Fourtou, qui a insisté sur les ressources humaines comme élément essentiel dans le développement des entreprises et la réussite des opérations de délocalisation des entreprises françaises au Maroc.
Le GIEFM s'est fixé trois objectifs principaux, la compétitivité du Maroc, la promotion et l'accompagnement des entreprises des deux pays, a-t-il précisé, mettant l'accent sur l'importance d'un réajustement et d'une actualisation des plans stratégiques engagés par le Maroc.
Intervenant à cette occasion, le ministre de l'Economie et des Finances, M.
Salaheddine Mezouar, a salué la qualité du travail accompli dans le cadre du GIEFM, grâce auquel "le Royaume a pu avancer dans la formulation de l'offre Maroc", ce qui s'est traduit par des investissements et des partenariats importants entre les deux pays.
M. Mezouar a mis également l'accent sur la dynamique que connaissent l'économie nationale et les relations économiques entre le Maroc et la France, les qualifiant de "continues et positives".
Le gouvernement du Maroc continue avec la même détermination et la même volonté et offrira toujours des facilités nécessaires aux entreprises pour rendre les secteurs productifs plus réactifs, a souligné M. Mezouar, ajoutant que le Maroc déploie des efforts importants dans le domaine de la formation de ses ressources humaines.
Dans ce cadre, il a cité notamment les plans de formations élaborés par le Maroc selon les besoins de chaque secteur et les aides frontales aux entreprises pour compenser les coûts de formation, à l'instar de ce qui est fait dans le secteur de l'Offshoring.
La ministre française de l'Economie, de l'Industrie et de l'Emploi, Mme Christine Lagarde, a, pour sa part, indiqué que la France est le premier exportateur, importateur, investisseur, bailleur de fonds et pourvoyeur de touristes pour le Maroc, qualifiant les relations entre les deux pays de "fécondes et productives".

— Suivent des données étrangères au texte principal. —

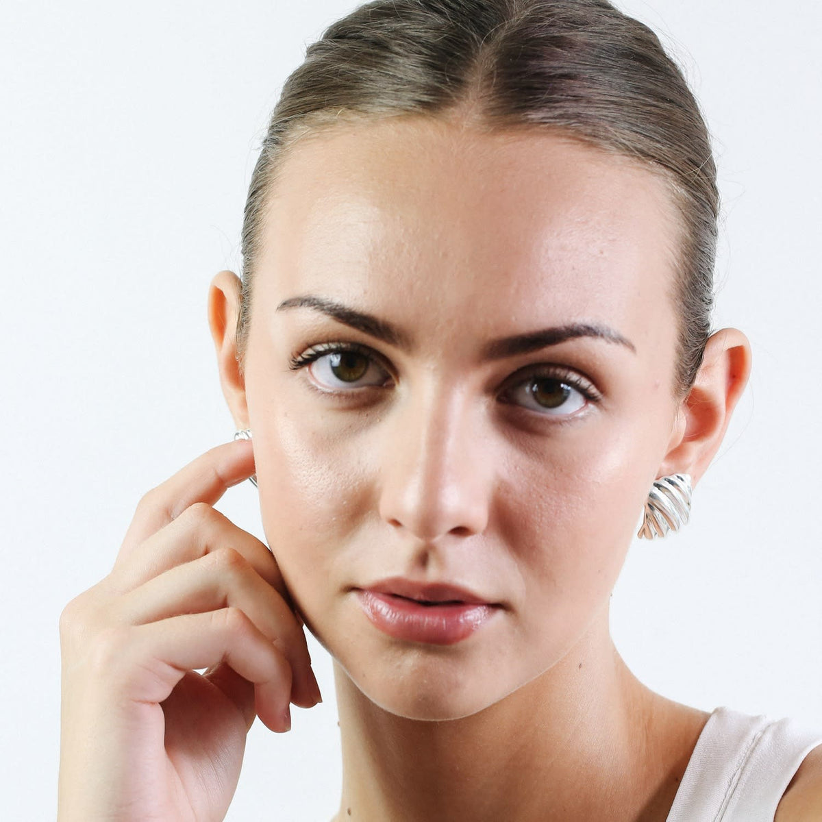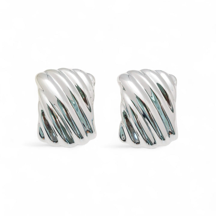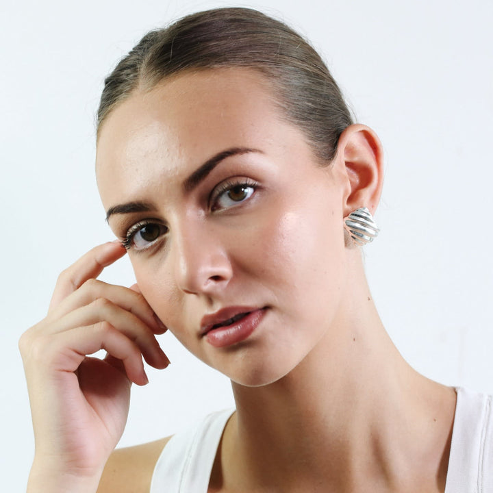 These oversized stud earrings are crafted from durable brass with a 925 silver plating. They measure 2.5cm x 1.8cm.

Ces relations ont été renforcées encore davantage avec la mise en place du GIEFM, qui a pu enclencher une forte dynamique entre les deux pays, a-t-elle souligné, mettant l'accent sur le rôle de l'Etat dans le développement des relations économiques entre le Maroc et la France.

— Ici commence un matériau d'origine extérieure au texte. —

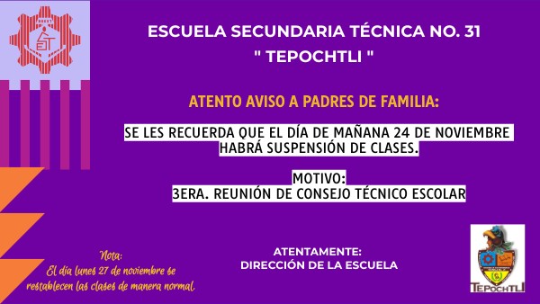 SE LES RECUERDA QUE EL DÍA DE MAÑANA 24 DE NOVIEMBRE HABRÁ SUSPENSIÓN DE CLASES. MOTIVO: 3ERA. REUNIÓN DE CONSEJO TÉCNICO ESCOLAR

L'Etat joue un rôle important qui trouve sa légitimité dans un contexte international marqué par une crise financière et la flambée des cours des matières premières, notamment le pétrole et les céréales.
Les nombreux hommes d'affaires marocains et français qui ont pris part à cette réunion ont saisi l'occasion de la présence de plusieurs ministres pour exprimer leurs préoccupations et les difficultés qu'ils rencontrent dans la gestion de leurs affaires. Ils ont notamment mis l'accent dans ce cadre sur les problèmes liés à la fiscalité, à la formation des ressources humaines et au transport.
Le Maroc et la France jugent extrêmement positifs les résultats de l'action du GIEFM, un groupe co-présidé par M. Mustapha Bakkoury, directeur général de la Caisse de dépôt et de gestion (CDG) et M. Fourtou, président du conseil de surveillance de Vivendi.
La réunion du GIEFM a vu la participation de plusieurs ministres dont ceux de l'Industrie, du Commerce et des Nouvelles technologies, M. Ahmed Réda Chami, de l'Agriculture et de la Pêche maritime, M. Aziz Akhannouch, et du Commerce extérieur, M. Abdellatif Maazouz.